Government is not the only entity that needs to keep its digital systems secure. Dozens of companies need to keep their operations and information safe from malevolent hackers — banks, health care systems, retail stores, the list goes on. But these companies, as Santos said, want to work with those who know “the secret handshake,” with whom they have relationships.

“There’s a huge business-to-government relationship” in the state, said Jacoby. “But business-to-commercial sales are tiny.”

Rockville-based SilverRhino LLC stands as an example. The company has contracts in the public and private sectors, but no commercial clients in Maryland.

“What Art is doing is exceptionally important for that reason,” said Bill Webb, president of SilverRhino. “We have some of the best cyber capabilities here in the whole world. We have people and we have processes and technologies that they simply don’t have out in the commercial marketplace.”

And that space provides quicker opportunities for companies that can keep up with the pace of big business.

“There’s not as much red tape and regulation,” he said. “If someone has a problem and you have a solution and you come to an agreement, it can be done very quickly.”

SilverRhino plans to meet with the large businesses in the near future, said Webb. Jacoby recently introduced the company to what could be its first Maryland-based commercial client — a small business in the financial services sector.

The potential deal terms came together in a matter of weeks, said Webb, but in the public sector it might have taken years.

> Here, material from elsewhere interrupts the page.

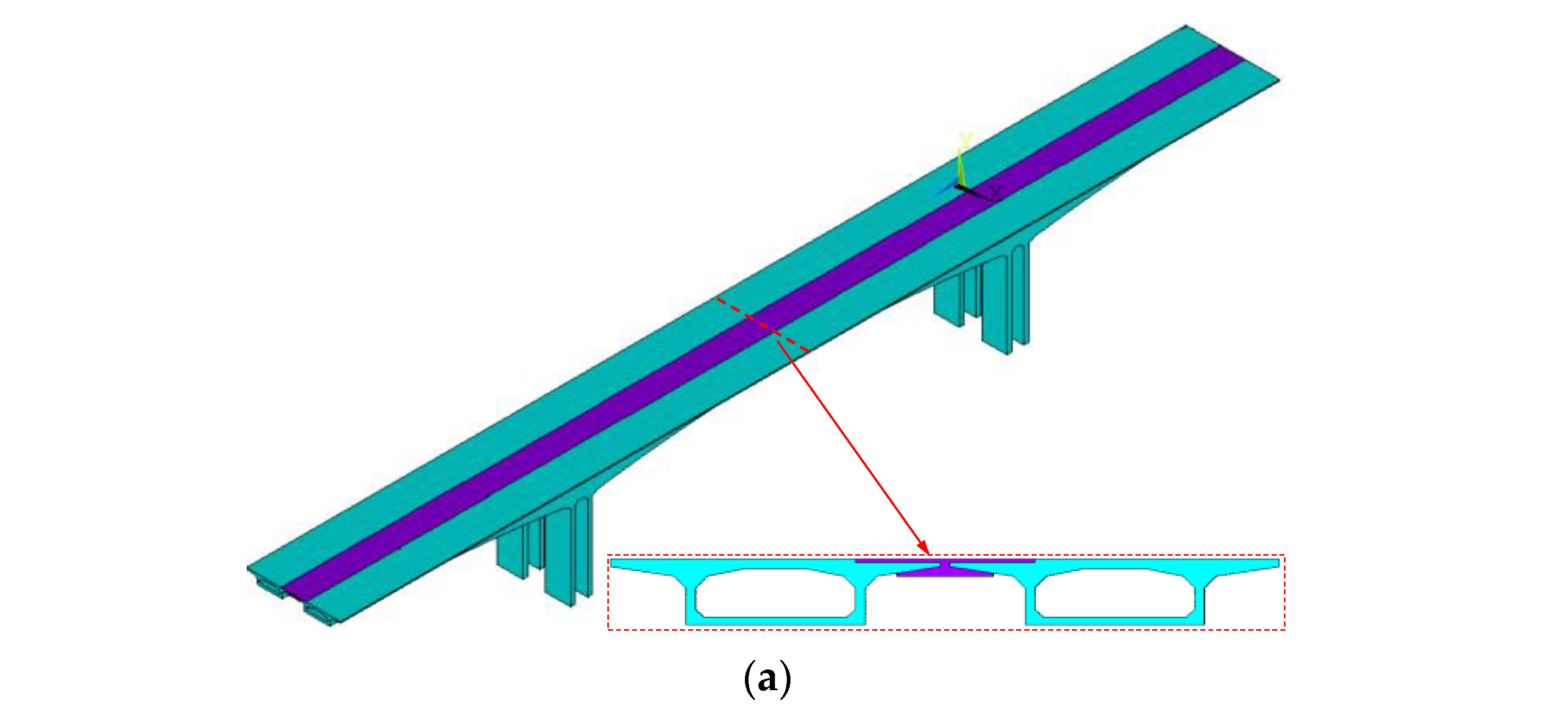 The mid-span section of the second span was selected as the key section for analysis, which represents the maximum positive flexural moment condition of the middle span. A 3D simulation model of the old bridge was established, as shown in
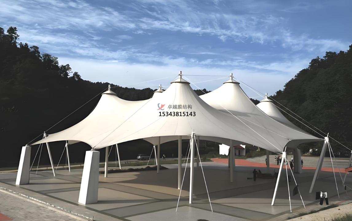 在實(shí)際應(yīng)用方面,景觀膜結(jié)構(gòu)的身影遍布各個(gè)領(lǐng)域。在城市公園與廣場,它常被用于搭建遮陽避雨的設(shè)施,如長廊、亭子等。這些膜結(jié)構(gòu)設(shè)施不僅為市民提供了舒適的休閑空間,讓人們在戶外活動(dòng)時(shí)免受日曬雨淋,其獨(dú)特的造型和光影效果,還為公園增添了濃厚的藝術(shù)氛圍,成為人們拍照打卡的熱門地點(diǎn)。在體育場館,大型的膜結(jié)構(gòu)屋頂和看臺(tái)設(shè)計(jì)屢見不鮮。膜結(jié)構(gòu)減輕了建筑自重,提高了場館的抗震性能,在舉辦賽事時(shí),獨(dú)特的膜結(jié)構(gòu)造型配合燈光效果,能夠營造出熱烈而獨(dú)特的觀賽氛圍,增強(qiáng)觀眾的觀賽體驗(yàn)。商業(yè)街區(qū)和步行街也廣泛應(yīng)用景觀膜結(jié)構(gòu),可作為臨時(shí)的商業(yè)展示空間,或是裝飾性的建筑元素,吸引顧客的注意力,提升商業(yè)空間的品質(zhì)和吸引力,促進(jìn)商業(yè)活動(dòng)的開展。

“The most important thing”

Baltimore-based Integrata Security has enjoyed support from the state, including investments from Maryland’s Technology Development Corp., or TEDCO. The company’s product, a Wireless Intrusion Detection System, was developed by the National Security Agency.

But that support alone is not enough, said CEO Mike Geppi.

“It’s not just about funding. It’s not just about talent. The most important thing, especially to a startup, is customers,” said Geppi. “Meeting with potential customers is the most important thing that can occur. Period.”

Jacoby and his team have helped Integrata to set up meetings with dozens of potential customers, said Geppi, and about 60 percent of those meetings move forward to the second stage.

“Large companies frankly need innovative startups because that’s an environment where innovation exists,” said Geppi. “We have some amazing companies here … these are some companies that are doing some very creative, technologically advanced problem solving.”

He mentioned ZeroFOX, which deals specifically with social media-related cybersecurity, and RedOwl Analytics, which uses statistics to help mitigate cyber risk, as examples. But there are many more.

Jacoby recently created the state’s first directory of cybersecurity companies, with recruiting help from the state Chamber of Commerce and others. It’s not comprehensive yet, but it already lists nearly 80 businesses.

Right space, right time

One of the companies in the directory, South River Technologies Inc. has the opposite story from many of the others. South River has long been in the commercial space for cybersecurity, but it has not crossed to the government side.

“We don’t focus on going after contracts,” said CEO Michael Ryan, who Jacoby has advised for years. “There are a lot of companies that do that.”

South River Technologies was born at the turn of the 21st century. Its software allows businesses to create their own secure cloud computing network.

The company is headquartered in Annapolis but does about 99 percent of its business outside of Maryland and more than half outside the United States, so it doesn’t need a lot of employees in Maryland. It has about a dozen, and works with distributors in other countries.

Ryan said he used to go to a lot of cyber networking events, but most of them were focused on the government sector. Now, he said, with events like the Chesapeake Regional Tech Council’s Commercial Cyber Open Forum Meetings, that’s beginning to change.

“That’s directly in my sweet spot,” he said.

Ryan isn’t intimidated by the idea of other cyber players entering the commercial world, he said, because his company’s offering is unique enough. On the contrary, he’s excited about the buzz.

“The commercial space is finally waking up,” he said. “We’re in the right space, finally, at the right time.”